* [PROBLEM STATEMENT] In the data below, set down exactly the lines from the one containing "This abstract piece" up to and including the one containing "框架核心,包含了基础的 CLI 工具,内置支持了". Leave the pictures out.

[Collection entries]
⟨

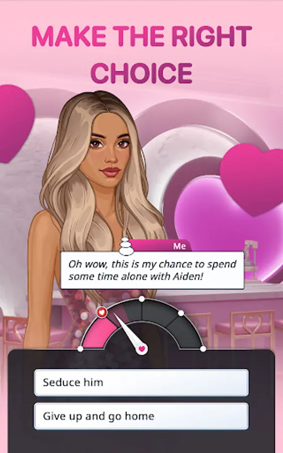 Communication between you and your match may be a prewritten story, but that doesn’t mean you can’t influence it in any way! The choices you make matter and have a direct consequence on your relationship status. If you like someone, say the right things and level up your relationship. You will then be rewarded with an even better gaming experience, so don't be afraid to show your love.
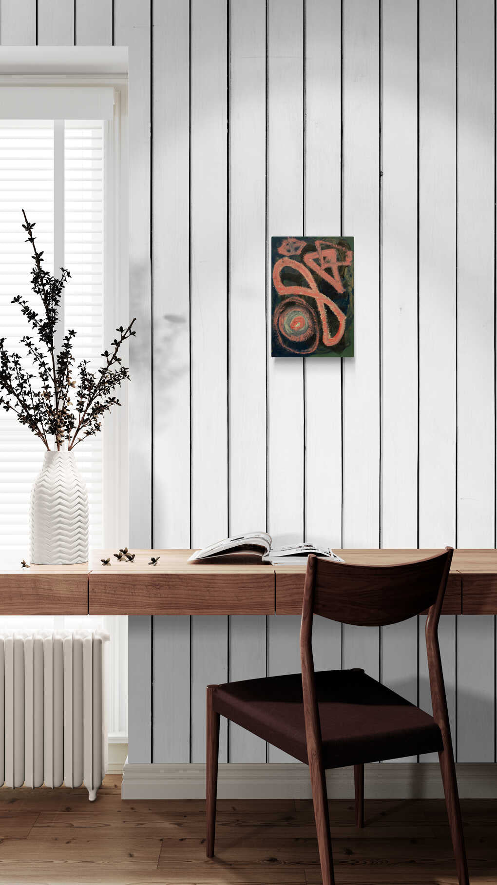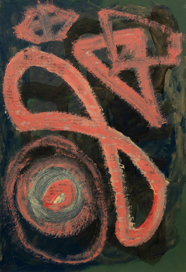 This abstract piece features swirling, interconnected shapes that evoke a sense of cosmic movement. The bold use of red and black creates a dynamic, energetic composition that draws the viewer into a dance of forms and colors.
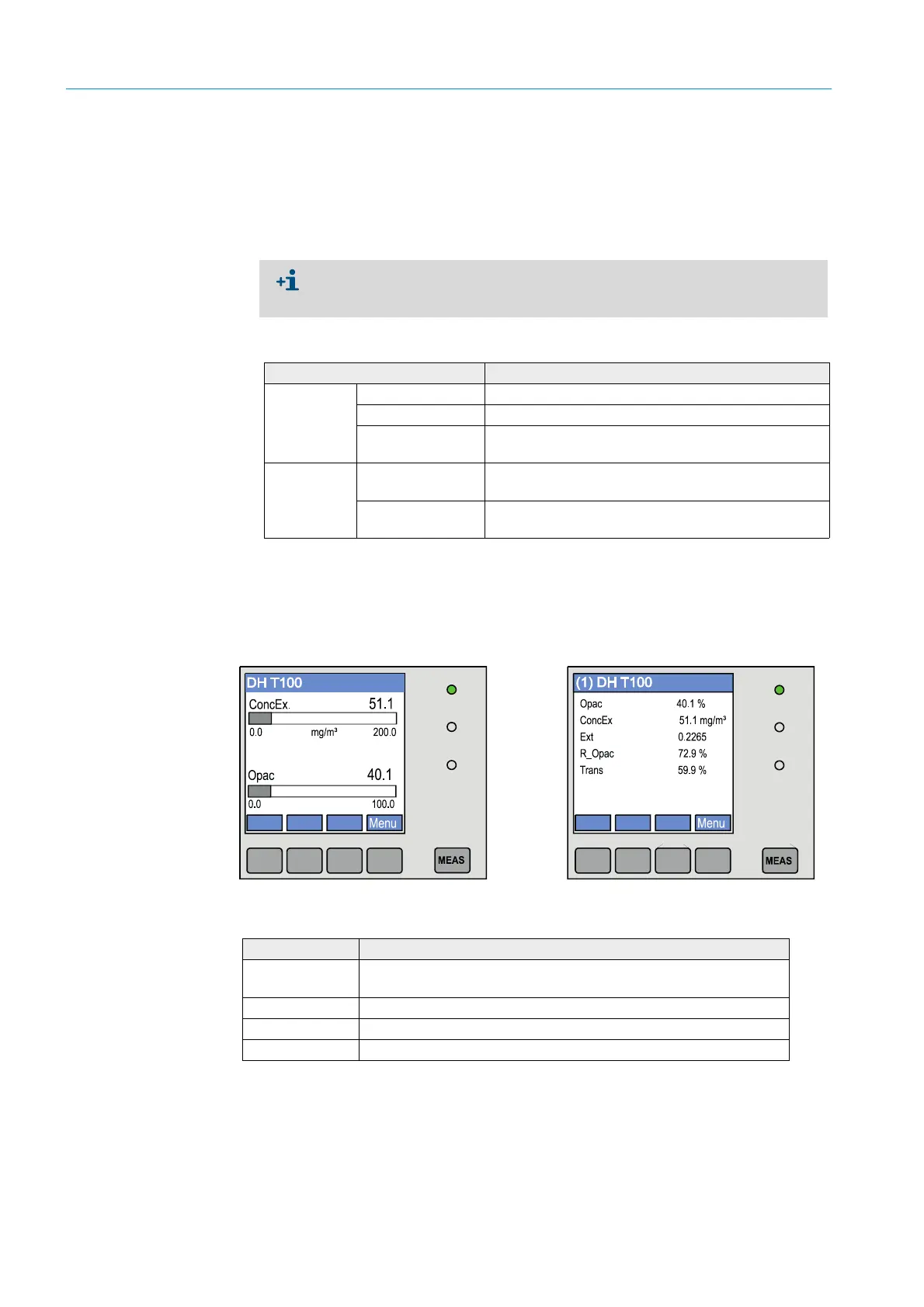 The graphic display shows two main measured values of a connected sender/receiver unit
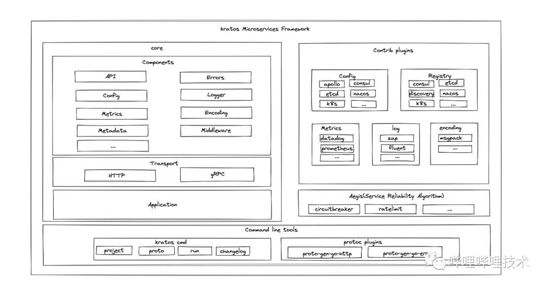 框架核心,包含了基础的 CLI 工具,内置支持了 HTTP/gRPC 传输协议,提供了服务的完整声明周期管理,提供了如 API 、日志 、错误处理、 配置、监控、序列化、注册发现、元数据传递、传输层、中间件等组件能力和相关接口定义。contrib
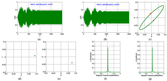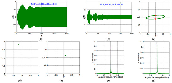 To investigate the accuracy of the obtained stability charts shown in Figure 7, a numerical simulation for the twelve-pole system (i.e., solving Equations (8) and (9) using MATLAB ODE45) according to four points , and that are shown in Figure 7a and are introduced in Figure 8, Figure 9, Figure 10, Figure 11. It is clear that the point is located within the stable solution region. Accordingly, it is expected that the twelve-pole rotor to respond with stable periodic oscillation when tuning the system parameters such that and . Figure 8 shows the temporal dynamics of the twelve-pole system according to the point (i.e., and ), where Figure 8a,b show the instantaneous oscillations of the system, and Figure 8c illustrates the steady-state periodic orbit. In addition, both the corresponding Poincaré-map and frequency spectrum for the system temporal oscillations is constructed, as shown in Figure 8d–g. In general, Figure 8 confirms the stable periodic motion for the studied system at and , where the orbital motion, the Poincaré-map, and the frequency spectrum demonstrate that the temporal oscillations contain a single frequency component.
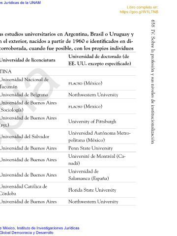 Universidad de doctorado (de ee. UU. excepto especificado) flacso (México) Northwestern University flacso (Mexico) University of Pittsburgh Universidad Autónoma Metro- politana (México) Penn State University Université de Montréal (Ca- nadá) Universidad de Salamanca (España) Florida State University Northw
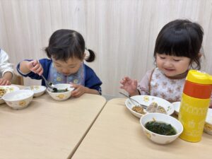 ぶどうぐみ(2歳児)さんは、みんなで美味しいね~と言い合っていつも楽しそうに食べています🎵

⟩

* [EXERCISE ANSWER]
 This abstract piece features swirling, interconnected shapes that evoke a sense of cosmic movement. The bold use of red and black creates a dynamic, energetic composition that draws the viewer into a dance of forms and colors.
 The graphic display shows two main measured values of a connected sender/receiver unit
 框架核心,包含了基础的 CLI 工具,内置支持了 HTTP/gRPC 传输协议,提供了服务的完整声明周期管理,提供了如 API 、日志 、错误处理、 配置、监控、序列化、注册发现、元数据传递、传输层、中间件等组件能力和相关接口定义。contrib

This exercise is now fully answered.